Task to complete: Look in the material below for the line with "男性向けラノベタイトル風あだ名 | 『ノーゲーム・ノーケセラトス』 |" and the line with "MSC035SMA170S 1700V, 35", then set down exactly those two lines and all lines between, nothing more.

Data under study:

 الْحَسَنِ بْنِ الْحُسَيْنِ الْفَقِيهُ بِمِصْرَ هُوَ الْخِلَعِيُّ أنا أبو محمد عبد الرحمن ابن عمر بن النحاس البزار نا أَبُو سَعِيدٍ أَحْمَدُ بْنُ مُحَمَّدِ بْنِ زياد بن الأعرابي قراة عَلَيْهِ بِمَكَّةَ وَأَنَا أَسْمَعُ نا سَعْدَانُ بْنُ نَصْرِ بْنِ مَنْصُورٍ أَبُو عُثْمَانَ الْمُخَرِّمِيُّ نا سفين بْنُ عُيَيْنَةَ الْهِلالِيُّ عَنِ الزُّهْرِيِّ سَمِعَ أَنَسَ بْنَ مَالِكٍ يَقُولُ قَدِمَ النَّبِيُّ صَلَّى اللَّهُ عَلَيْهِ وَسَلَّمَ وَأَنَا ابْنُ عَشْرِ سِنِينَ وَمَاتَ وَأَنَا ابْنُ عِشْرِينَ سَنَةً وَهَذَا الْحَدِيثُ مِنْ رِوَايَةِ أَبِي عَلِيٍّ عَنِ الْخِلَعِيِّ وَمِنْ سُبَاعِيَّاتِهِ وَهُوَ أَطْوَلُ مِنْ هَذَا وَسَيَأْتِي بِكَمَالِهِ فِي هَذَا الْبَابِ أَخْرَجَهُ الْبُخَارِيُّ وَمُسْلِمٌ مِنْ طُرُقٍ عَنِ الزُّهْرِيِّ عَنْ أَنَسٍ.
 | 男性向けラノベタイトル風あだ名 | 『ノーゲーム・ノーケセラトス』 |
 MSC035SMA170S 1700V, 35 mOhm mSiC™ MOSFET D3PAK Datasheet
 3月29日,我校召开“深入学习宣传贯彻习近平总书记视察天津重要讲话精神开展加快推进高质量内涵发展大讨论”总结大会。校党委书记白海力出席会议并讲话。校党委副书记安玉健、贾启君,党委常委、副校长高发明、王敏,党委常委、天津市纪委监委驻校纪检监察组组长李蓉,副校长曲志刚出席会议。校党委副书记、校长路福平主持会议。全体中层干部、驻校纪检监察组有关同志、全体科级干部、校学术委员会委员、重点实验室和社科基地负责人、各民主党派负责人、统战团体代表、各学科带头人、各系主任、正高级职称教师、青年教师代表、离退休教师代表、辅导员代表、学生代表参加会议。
---
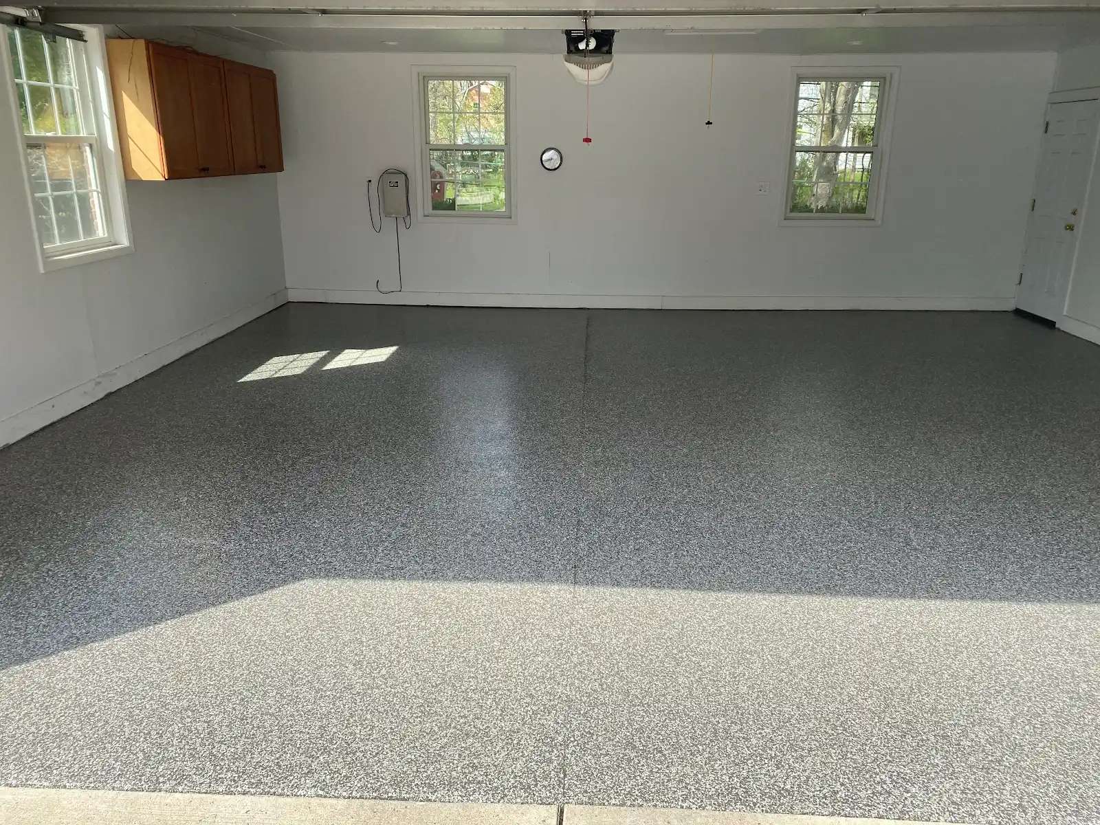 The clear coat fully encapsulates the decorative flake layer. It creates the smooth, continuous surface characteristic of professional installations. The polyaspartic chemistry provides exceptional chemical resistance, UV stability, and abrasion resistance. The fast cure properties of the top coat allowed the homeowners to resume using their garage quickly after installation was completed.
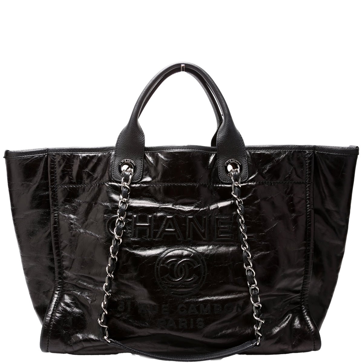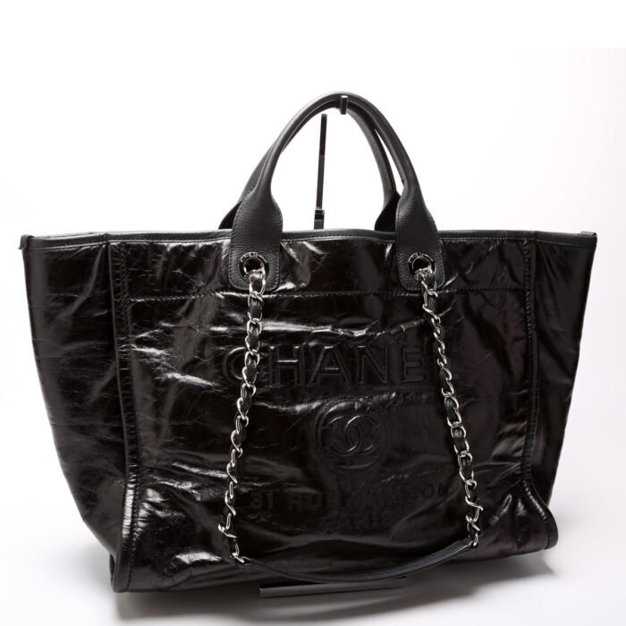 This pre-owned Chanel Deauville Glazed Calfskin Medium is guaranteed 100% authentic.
--
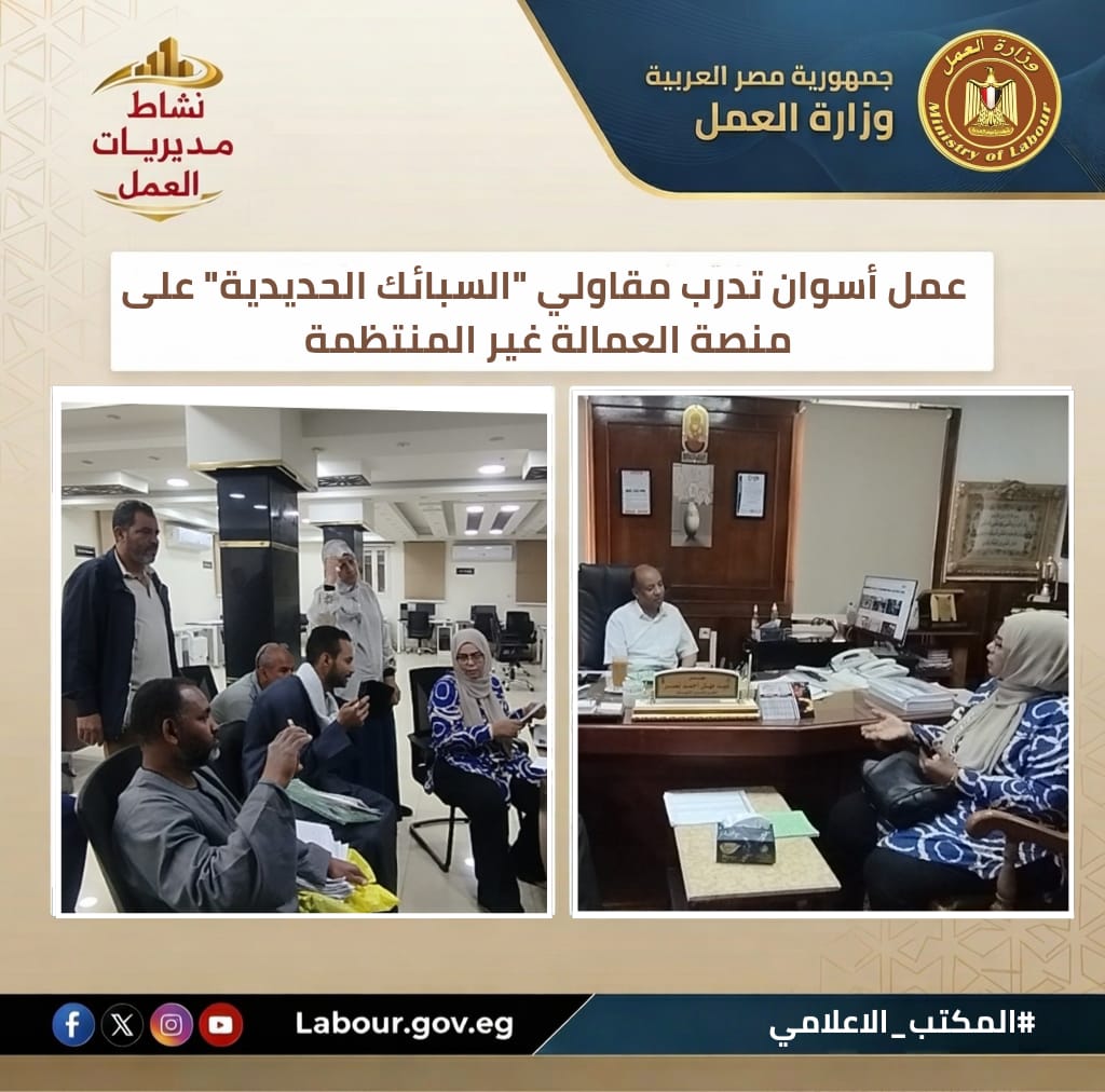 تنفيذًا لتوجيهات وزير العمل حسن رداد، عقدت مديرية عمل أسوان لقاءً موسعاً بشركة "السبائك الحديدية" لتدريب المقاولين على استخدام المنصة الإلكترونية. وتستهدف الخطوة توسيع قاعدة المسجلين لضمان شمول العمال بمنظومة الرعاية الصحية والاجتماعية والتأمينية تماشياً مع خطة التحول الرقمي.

Output below:
 | 男性向けラノベタイトル風あだ名 | 『ノーゲーム・ノーケセラトス』 |
 MSC035SMA170S 1700V, 35 mOhm mSiC™ MOSFET D3PAK Datasheet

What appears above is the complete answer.